L’Europe mise sur l’innovation
L’Europe, berceau botanique et historique de la culture de l’asperge (58 000 ha), présente une répartition claire : asperge verte dans les pays méditerranéens (Espagne, Italie) et anglo-saxons (Royaume-Uni), asperge blanche dans les pays d’Europe continentale (Allemagne, France, Pays-Bas). La production est exclusivement destinée au marché frais. En surface, l’Allemagne est leader (18 000 ha), avec une production essentiellement blanche. L’Espagne (12 000 ha) et l’Italie (10 000 ha) sont très orientées vers l’asperge verte. Viennent ensuite la France (6 000 ha), majoritairement blanche (70 %), mais avec une part croissante de verte (30 %), les Pays-Bas (3 000 ha, 100 % blanche), et le Royaume-Uni (2 500 ha, 100 % verte). On trouve aussi de la production blanche en Pologne (2 000 ha), Autriche (800 ha), Belgique (700 ha), Hongrie (500 ha). La tendance générale est à la baisse des surfaces, notamment en Allemagne (voir Asparagus World n°5/2023), aux Pays-Bas, mais aussi en Espagne et en Italie. Le manque de rentabilité, en raison du coût élevé de la main-d’œuvre et de la baisse de la consommation, explique cette régression. Plus récemment, les effets du changement climatique et la raréfaction de l’eau limitent le renouvellement des plantations dans les pays méditerranéens. Pour rester compétitive, l’Europe mise sur l’innovation technologique : développement de variétés très productives, utilisation de films plastiques pour gagner en précocité, mécanisation de la culture et robotisation de la récolte.

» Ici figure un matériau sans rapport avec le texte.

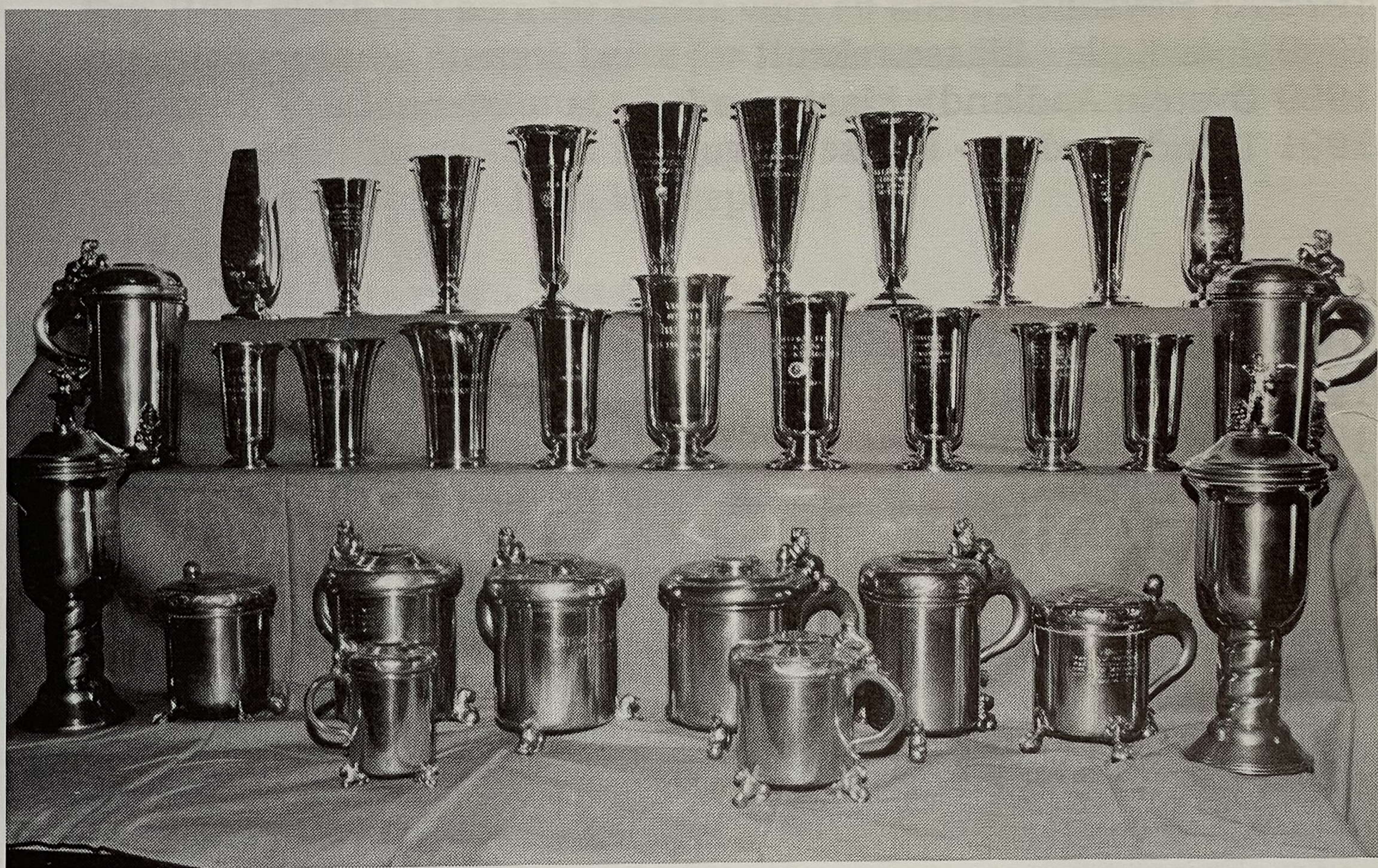
Ein del av Tysse skyttarlag si store og verdfulle premiesamling.
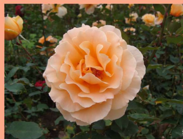
西23 ジャスト・ジョーイ
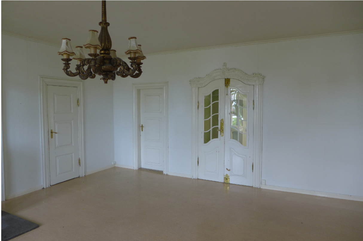
Figur 17: Rokokkoen gjorde sitt inntog i bygningen på andre halvdel av 1700-tallet, blant annet i form av denne nye portalen og døren i salen. (Byantikvaren 2015).

Krohn hadde overtatt familieeiendommen i 1771. Rokokkoen gjorde da sitt inntog i bygningen, blant annet i form av denne nye portalen og døren i salen. Vi vet ellers lite om hvilke endringer brødrene gjorde, men små spor i interiørdetaljer finnes fortsatt rundt i huset, som dører, lister og beslag. Hagedøren ble en innerdør ved påbyggingen i 1810, og en ny empirodør ble utgang til hagen. Begge dørene er fortsatt intakte. Det er også en rekke eldre dører, lister og bygningsdetaljer i bygningen. Veggoverflater og gulv i leilighetene er av nyere dato, men det er all grunn til å forvente at disse skjuler eldre overflatelag.
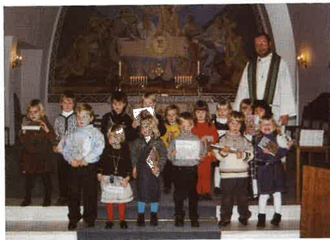
Fireåringar frå Stanghelle i Dale kyrkje 19. nov.
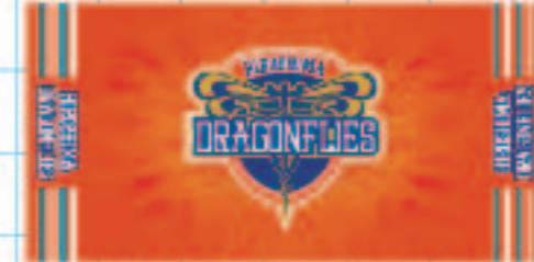
2020-21 ベンチタオル price: ¥5000 (tax in)
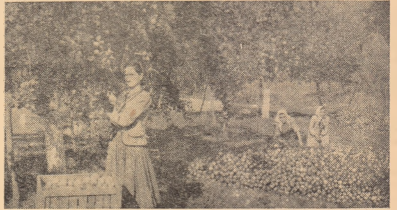
În acest an, la gospodăria agricolă de stat din Oarda de Jos s-a obținut o recoltă bogată de mere. ÎN CLIȘEU: Recoltarea merelor la subsecția Telna.

Ținînd seamă de timpul înaintat în care ne găsim, organele de partid și de stat din comuna Oarda de Jos, trebuie să sprijine cu toată hotărîrea conducerea întovărășirilor la arături și însămințări, lucrări care trebuie să se termine într-un timp cât mai scurt.
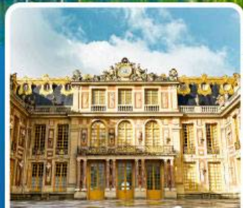
พระราชวังแวร์ซายน์
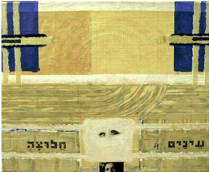
עידית לבבי גבאי, עיניים של חלוצה, 1995, טכניקה מעורבת על בד, 60X50 ס"מ

יוצא מכך שאני 'חוליה בשרשרת של מפעלי התנועה' וגדלתי 'במשטלת החינוך החדש'. ועל 'שתיקת הילדים', ואיך שיש להבינה, אנסה לענות בהמשך הדברים.
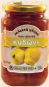
Γυάλινο Βάζο / Glass Jar Κυδώνι / Quince
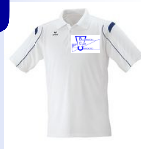
De nieuwe clubkleding
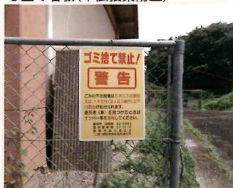
○立て看板(不法投棄防止)
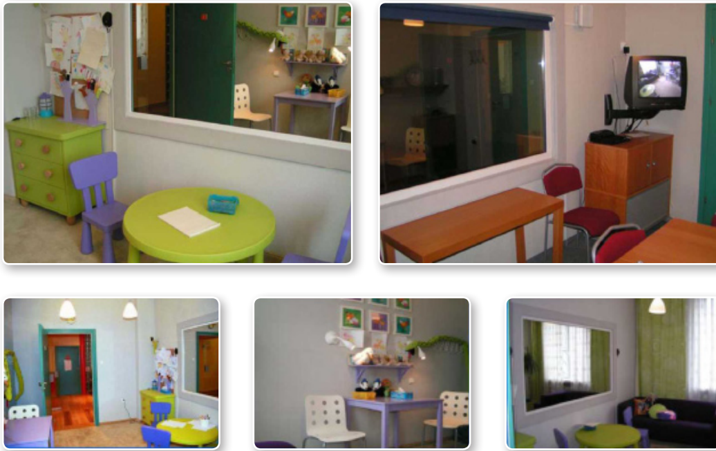
Мал. 3. Кімната для опитування дітей в Центрі захисту дітей «Mazowiecka» (Фундація «Нічії діти», Польща)

У низці країн спеціальні кімнати для опитування дітей працюють на базі неурядових організацій. Наприклад, у Молдові для опитування дітей використовується кімната на базі неурядової організації «Ла Страда-Молдова», а в Польщі – при благодійному фонді «Нічії діти», а також на базі соціальних служб та Центру захисту дітей (мал. 3).
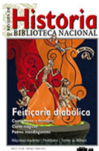
REVISTA DA BIBLIOTECA NACIONAL
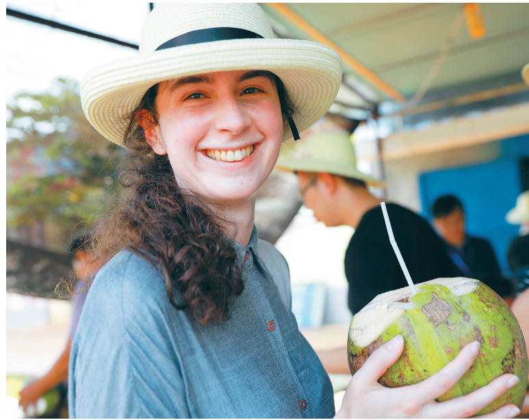
外国诗人品尝椰子。
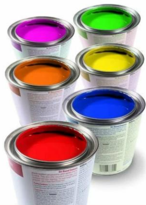
Краски и эмали
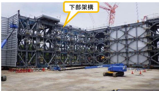
(写真 2 - 2) 下部架構の地組状況② (下部架構内部を南東側から撮影)

Signes d’une sortie de crise ?
Ce tour du monde des pays producteurs montre deux grandes tendances : les pays producteurs/consommateurs réduisent leurs surfaces, tandis que les pays producteurs/exportateurs les augmentent. La compétitivité dépend du coût du travail, des frais logistiques et du prix de vente. Le coût de la main-d’œuvre est un facteur en constante augmentation (voir encadré). La disponibilité mondiale de l’asperge influe aussi sur les fluctuations du marché. En analysant l’évolution des surfaces et des prix mondiaux, Christian Befve, consultant international, remarque que lorsque la production mondiale dépasse les 240 000 ha, les prix se déstabilisent et le marché entre en crise. « C’est ce qu’a vécu le monde de l’asperge entre 2014 et 2018, avec une forte hausse des surfaces mondiales, de 210 000 à 280 000 ha, entraînant une stagnation puis une baisse des prix, suivie d’un arrachage massif et d’une régression des surfaces », explique-t-il. Depuis 2022, avec un retour sous la barre des 200 000 ha, les prix mondiaux sont repartis à la hausse. « Cela annonce-t-il une sortie de crise pour l’asperge au niveau mondial ? » s’interroge l’expert.
Il faut plus d’un kilo d’asperges pour payer une heure de travail
Une comparaison du nombre de kilos d’asperges (au prix départ ferme) nécessaires pour payer une heure de travail en France et au Pérou, montre une évolution parallèle. En 2005, il fallait 2 kg d’asperges pour rémunérer une heure de travail en France, contre 1,3 kg au Pérou. En 2025, l’écart s’est creusé : 2,5 kg au Pérou et plus de 4 kg en France.